• _Prompt_:
Copy all records exactly; omit pictures.

• _Source data_:
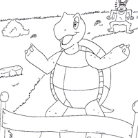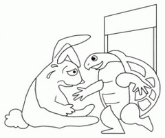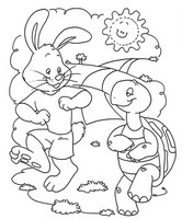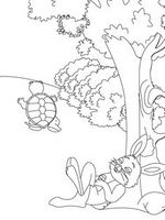 A už to začíná, zajíc děla na startovní čáře přemety, želva si protahuje krk, a oba čekají na startovní zahoukání speciálně pro tuto příležitost probuzené sovy. "Hu huuuu" a vše začalo. Tedy... zajíc vyrazil jako střela a po chvilce zmizel někde v dáli. Želva se rozhlédla, mrkla na zvířátka a zalezla do krunýře. Zvířátka ji pak naložili na trakař a vezli ji co nejkratší cestou k cíli. Mezitím zajíc už pádil kolem řeky a stále se dívá přes rameno, kdy že ho ten neuvěřitelně rychlý běžec dožene. Ale stále nikoho neviděl. Pod starým stromem se zastavil, když uviděl ježka u nějakého stolu a nad ním nápis "Občerstvení pro závodníky". Zastavil se tedy a dal si sklenici jablečného moštu, netušíc, že do něj ježek dal uspávalo. "Aááách to mám ale náskok a chce a jsem nějak unavený", "na chviličku se pod stromem natáhnu a počkám až želva poběží kolem". "Do cíle je to ještě hodně daleko a tak mě nemůže utéct."
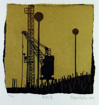 SARA HOPKINS limited edition (10/20) gold leaf screen print - silhouetted crane, entitled 'Docks II', signed and dated 2009, 38 x 28cms (framed and glazed)
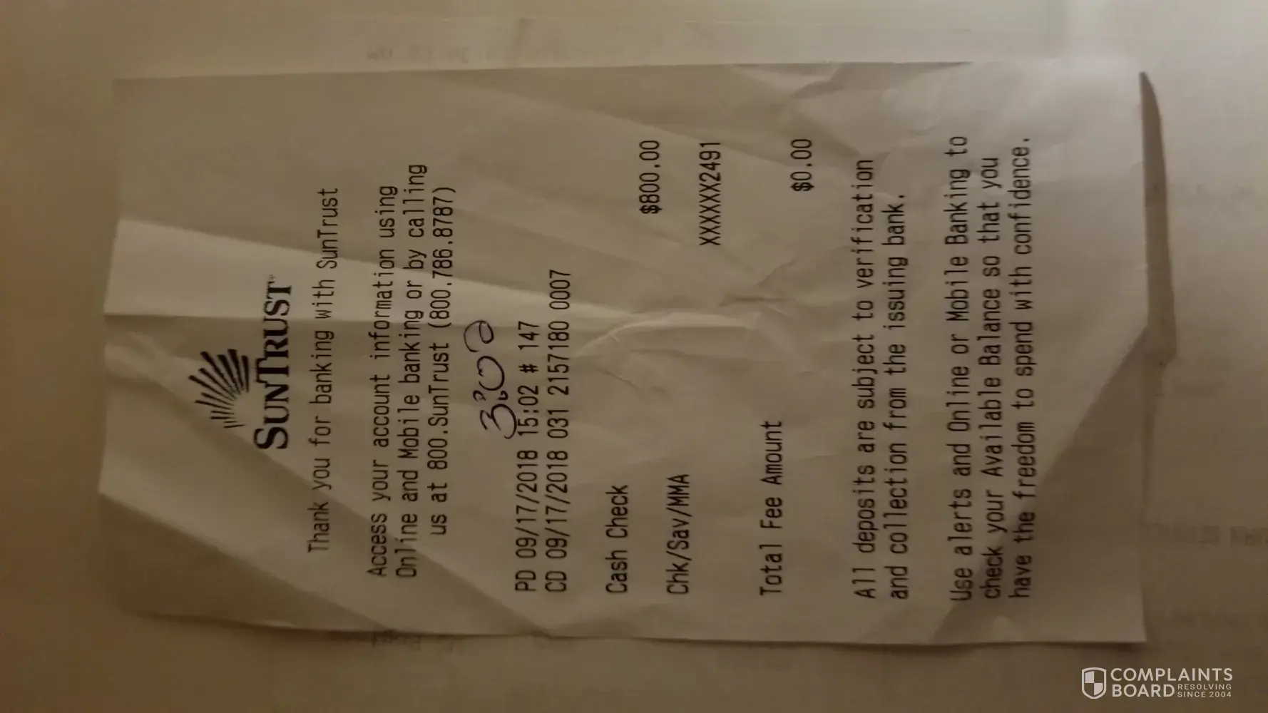SunTrust Banks none delivery of check and lack of service to resolve.
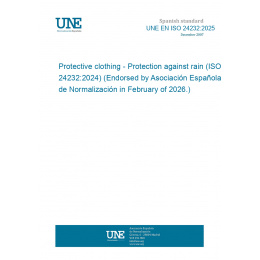 Ropa de protección. Protección contra la lluvia. (ISO 24232:2024) (Ratificada por la Asociación Española de Normalización en febrero de 2026.)
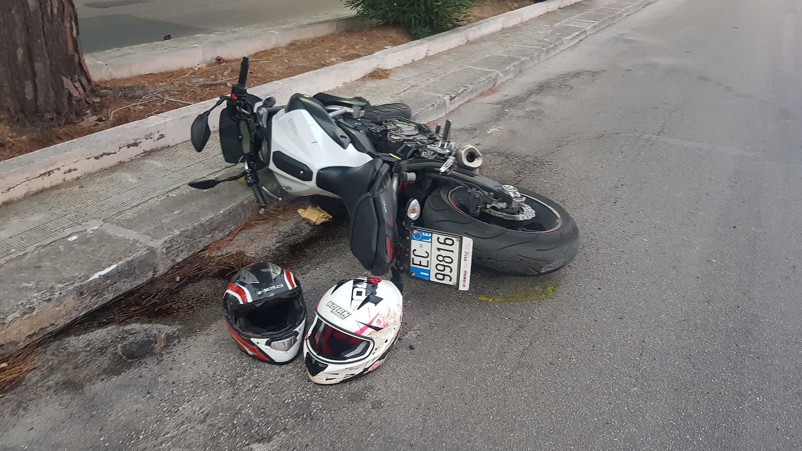 E’ bastato un urto, banale, all’incrocio. La moto è scivolata sull’asfalto e si è fermata contro il marciapiedi, graffiandosi appena.
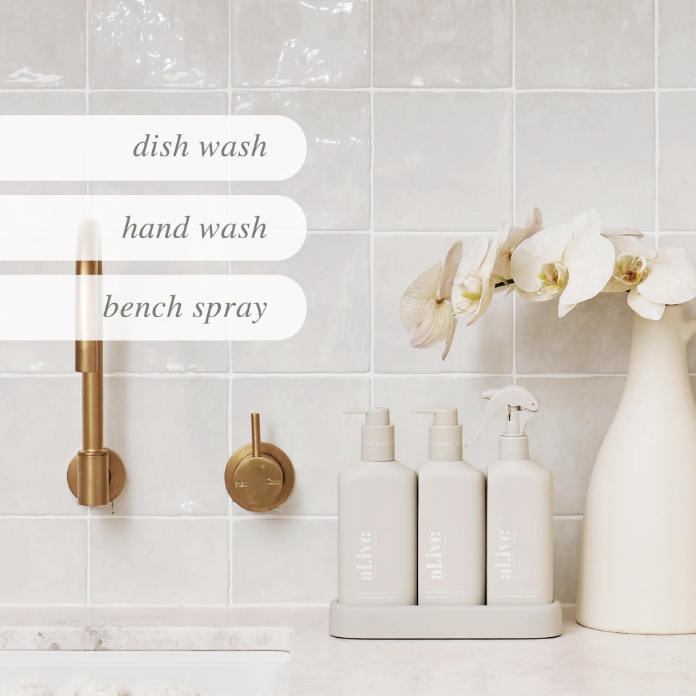 The al.ive body Dishwashing Liquid, Hand Wash & Bench Spray Kitchen Trio is a beautiful yet practical product, elegantly packaged to elevate your countertop.
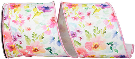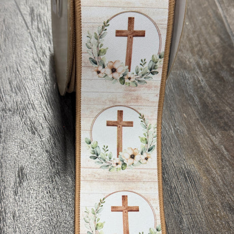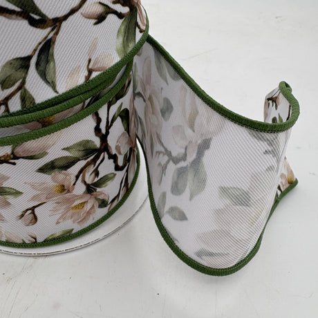 2.5"X10YDS Cream & Green Magnolia Ribbon
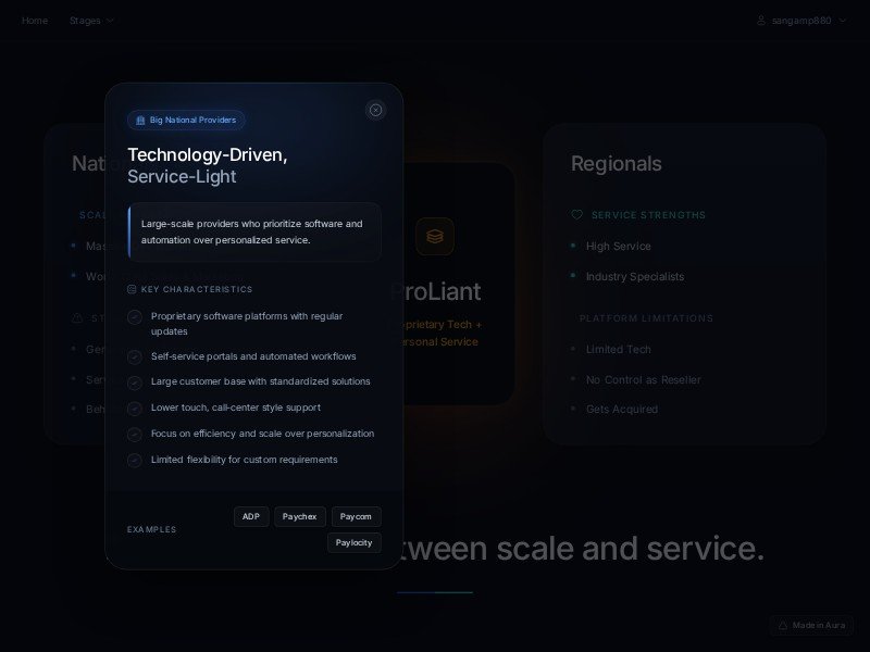 A sleek landing page template for technology and service brands that need to communicate market positioning, product differentiation, and a high-touch service model.
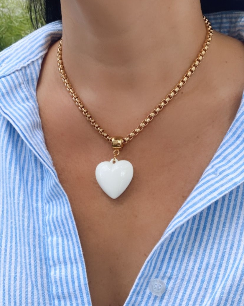 Colar com pingente coração e corrente elos pequenos. O pingente no formato coração é esmaltado na cor branca
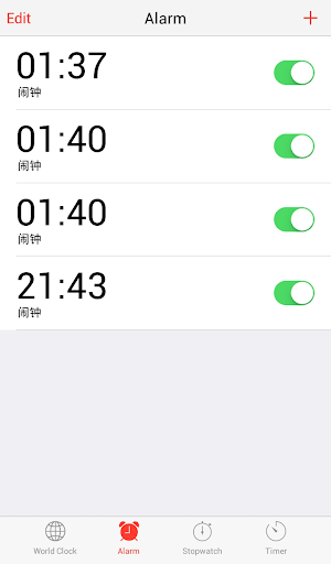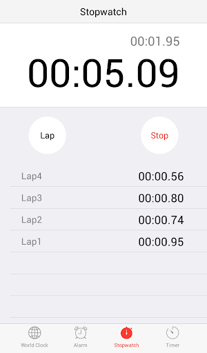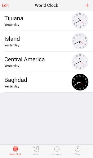 Phone X style clock with integrated world clock, alarm clock, timer and stopwatch
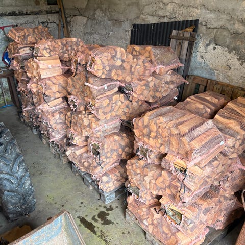 Godt istappa sekkar 60l med eik og bjørk. Siste rest av årets ved. Skikkelig tørr, tørka i ni månader
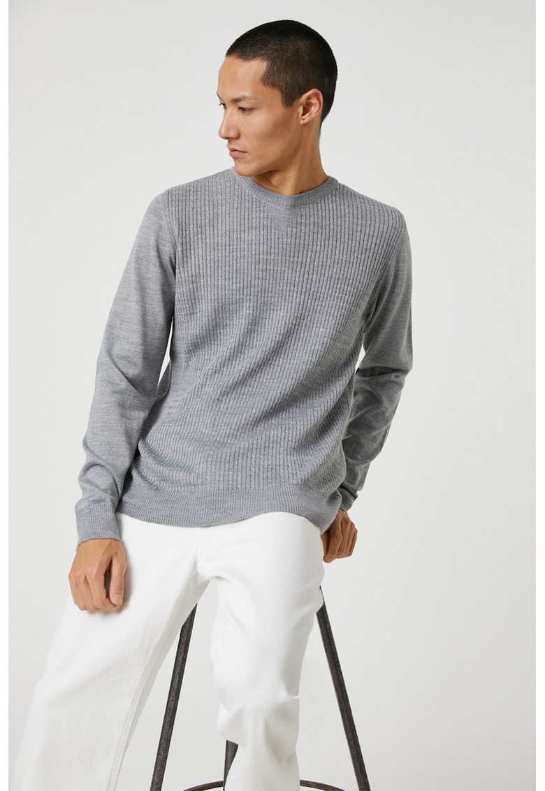 Caracteristici Culoare: gri melange Imprimeu: uni Material: tricot Croiala: regular fit Sistem inchidere: fara inchidere Model: decolteu la baza gatului Lungime maneca: maneca lunga Detalii: aspect striat Compozitie Exterior: 90% acrilic
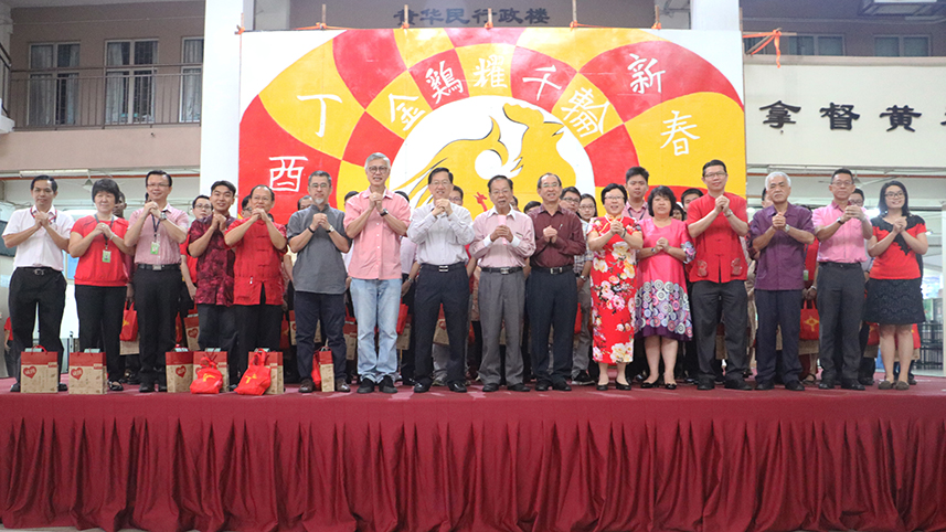 旨在提倡传统中华文化,本校日前逾千名师生及三机构理事齐聚一堂,欢庆丁酉年“金鸡耀千轮”新春庙会,喜迎金鸡富贵年。

• _Problem solution_:
 A už to začíná, zajíc děla na startovní čáře přemety, želva si protahuje krk, a oba čekají na startovní zahoukání speciálně pro tuto příležitost probuzené sovy. "Hu huuuu" a vše začalo. Tedy... zajíc vyrazil jako střela a po chvilce zmizel někde v dáli. Želva se rozhlédla, mrkla na zvířátka a zalezla do krunýře. Zvířátka ji pak naložili na trakař a vezli ji co nejkratší cestou k cíli. Mezitím zajíc už pádil kolem řeky a stále se dívá přes rameno, kdy že ho ten neuvěřitelně rychlý běžec dožene. Ale stále nikoho neviděl. Pod starým stromem se zastavil, když uviděl ježka u nějakého stolu a nad ním nápis "Občerstvení pro závodníky". Zastavil se tedy a dal si sklenici jablečného moštu, netušíc, že do něj ježek dal uspávalo. "Aááách to mám ale náskok a chce a jsem nějak unavený", "na chviličku se pod stromem natáhnu a počkám až želva poběží kolem". "Do cíle je to ještě hodně daleko a tak mě nemůže utéct."
 SARA HOPKINS limited edition (10/20) gold leaf screen print - silhouetted crane, entitled 'Docks II', signed and dated 2009, 38 x 28cms (framed and glazed)
SunTrust Banks none delivery of check and lack of service to resolve.
 Ropa de protección. Protección contra la lluvia. (ISO 24232:2024) (Ratificada por la Asociación Española de Normalización en febrero de 2026.)
 E’ bastato un urto, banale, all’incrocio. La moto è scivolata sull’asfalto e si è fermata contro il marciapiedi, graffiandosi appena.
 The al.ive body Dishwashing Liquid, Hand Wash & Bench Spray Kitchen Trio is a beautiful yet practical product, elegantly packaged to elevate your countertop.
 2.5"X10YDS Cream & Green Magnolia Ribbon
 A sleek landing page template for technology and service brands that need to communicate market positioning, product differentiation, and a high-touch service model.
 Colar com pingente coração e corrente elos pequenos. O pingente no formato coração é esmaltado na cor branca
 Phone X style clock with integrated world clock, alarm clock, timer and stopwatch
 Godt istappa sekkar 60l med eik og bjørk. Siste rest av årets ved. Skikkelig tørr, tørka i ni månader
 Caracteristici Culoare: gri melange Imprimeu: uni Material: tricot Croiala: regular fit Sistem inchidere: fara inchidere Model: decolteu la baza gatului Lungime maneca: maneca lunga Detalii: aspect striat Compozitie Exterior: 90% acrilic
 旨在提倡传统中华文化,本校日前逾千名师生及三机构理事齐聚一堂,欢庆丁酉年“金鸡耀千轮”新春庙会,喜迎金鸡富贵年。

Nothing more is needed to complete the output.